The wealthy mainly get wealthy through investment, not hard work. So even if that’s what we’re chasing, we’re wrong!
The next rung down from them, the rich, live below their means and work smart. Not hard.
Some things. SHOULD FUCKING STOP YOU.
If you don’t “mean it like that?”
What are you saying it for?
Who is going to run the world when we’re all sick or dead?
For fuck’s sake.
Let shit stop you if it’s supposed to stop you.
At least question whether the world is better off if you enjoy life and rest occassionally.
Trust me. I have cancer. There’s way more things I wish I had let stop me? Than not.
We know when we’re drunk- don’t drive.
But we can’t let our bodies rest when they’re tired.
It’s terrible what we’re doing to ourselves. It’s literally disease-causing.
At least as awful is what it does to the people we love.

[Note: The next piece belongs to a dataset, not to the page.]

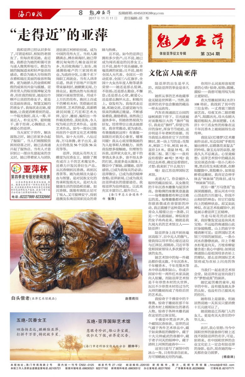 且不说,如今的亚萍已拥有多少资产;且不说,她已成为闻名遐迩的沉香女王;且不说,她有个其乐融融,幸福美满的家庭;且不说,她有全国人大代表、全国五一劳动奖章、全国三八红旗手、全国十大女杰年度人物等诸多荣誉……她还是那么低调,不张扬;还是那么勤奋,不懈怠;还是那么心软,献爱心;还是那么胸怀大志,积极向上,奋发有为。我每次走近她,和她交流,总感觉她与生俱来的满满正能量,不断感染着我,激励着我。虽然我已退休多年,但她依然视我为好友,经常带信让我去她那里。我非常激动,更为感动。有谁能做到这样?有谁能一如既往对我关心备至,嘘寒问暖?我从心底里敬佩她的为人处事和人格魅力。虽然我很想多接触她,但理智告诉我,亚萍家大业大,要干的事情太多太多,容不得太多的打扰。我更多是从媒体上、微信中了解她,读懂她。亚萍感悟,已成为我每天的必读;亚萍微信,已成为我的精神食粮;亚萍新闻,已成为我关注亚萍成长的重要途径。我视亚萍为良师益友,以此来充实丰富自己,提升自己。

Let yourself be stopped once in a while.
And for heaven’s sake, keep your judgement of what other people do to yourself. Worry about your own life.
Start an advice column, start a blog, or join Quora, then you’ll have plenty of people asking you what to do, instead of butting into the lives of people who don’t want your input.
1 in 5 people are disabled.
The majority of us work and hide it. 1 out of 3 Americans has some kind of chronic condition.
Can we all please start making sense with our lives, before it gets to 1 out of 2?